- Opening Delimiter -

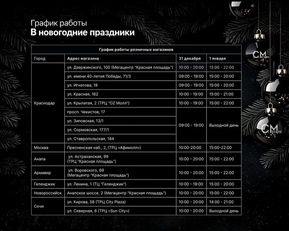 : 31 декабря и 1 января график работы сокращён, в остальные дни работаем в обычном режиме. Подробный график работы прикрепляем 👆 🛒 График работы интернет-магазина: • 31 декабря — 09:00–20:00 • 1 января — 14:00–22:00 Всех с наступающим Новым Годом! 🎉
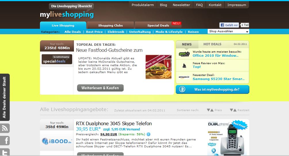 Was ist Liveshopping überhaupt? Liveshopping ist ein aus den USA Stammender Trend. Beim Liveshopping wird lediglich 1 Produkt für einen bestimmten Zeitraum (meist 24h) und dafür zu einem ziemlich günstigen Preis angeboten.
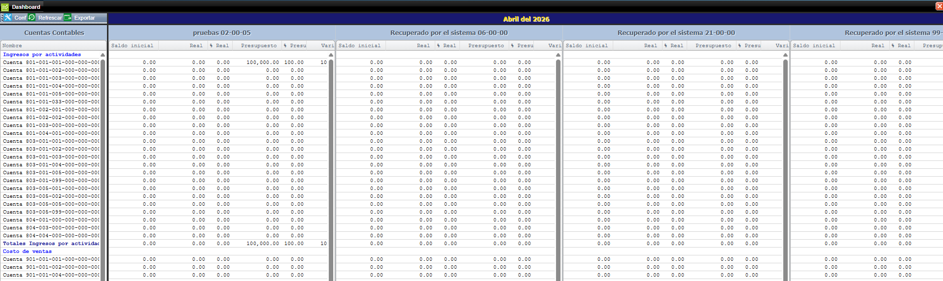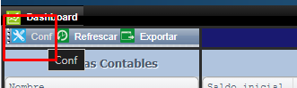 - Dashboard: Aquí podrá ver en pantalla la comparación del presupuesto VS una cuenta contable elegida para un período determinado. Ingrese desde el menú principal de contabilidad ==> Razones financieras ==> Presupuestos ==> Dashboard, presione el botón "Configuración" para que pueda filtrar la información que desea ver en pantalla.
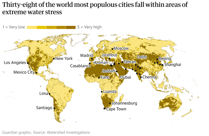 Жаҳондаги 100 та энг йирик шаҳарнинг ярмида сув танқислиги муаммоси кузатилмоқда, бу ҳақда Watershed Investigations ташкилоти маълумотларига асосланиб The Guardian хабар берди.

- Closing Delimiter -

● **YOUR ASSIGNMENT**: Look for the line that contains "- Dashboard: Aquí", then please copy it and the rest of the lines through the end of the data, pictures excluded.

● **RESPONSE TO THIS EXERCISE**:
 - Dashboard: Aquí podrá ver en pantalla la comparación del presupuesto VS una cuenta contable elegida para un período determinado. Ingrese desde el menú principal de contabilidad ==> Razones financieras ==> Presupuestos ==> Dashboard, presione el botón "Configuración" para que pueda filtrar la información que desea ver en pantalla.
 Жаҳондаги 100 та энг йирик шаҳарнинг ярмида сув танқислиги муаммоси кузатилмоқда, бу ҳақда Watershed Investigations ташкилоти маълумотларига асосланиб The Guardian хабар берди.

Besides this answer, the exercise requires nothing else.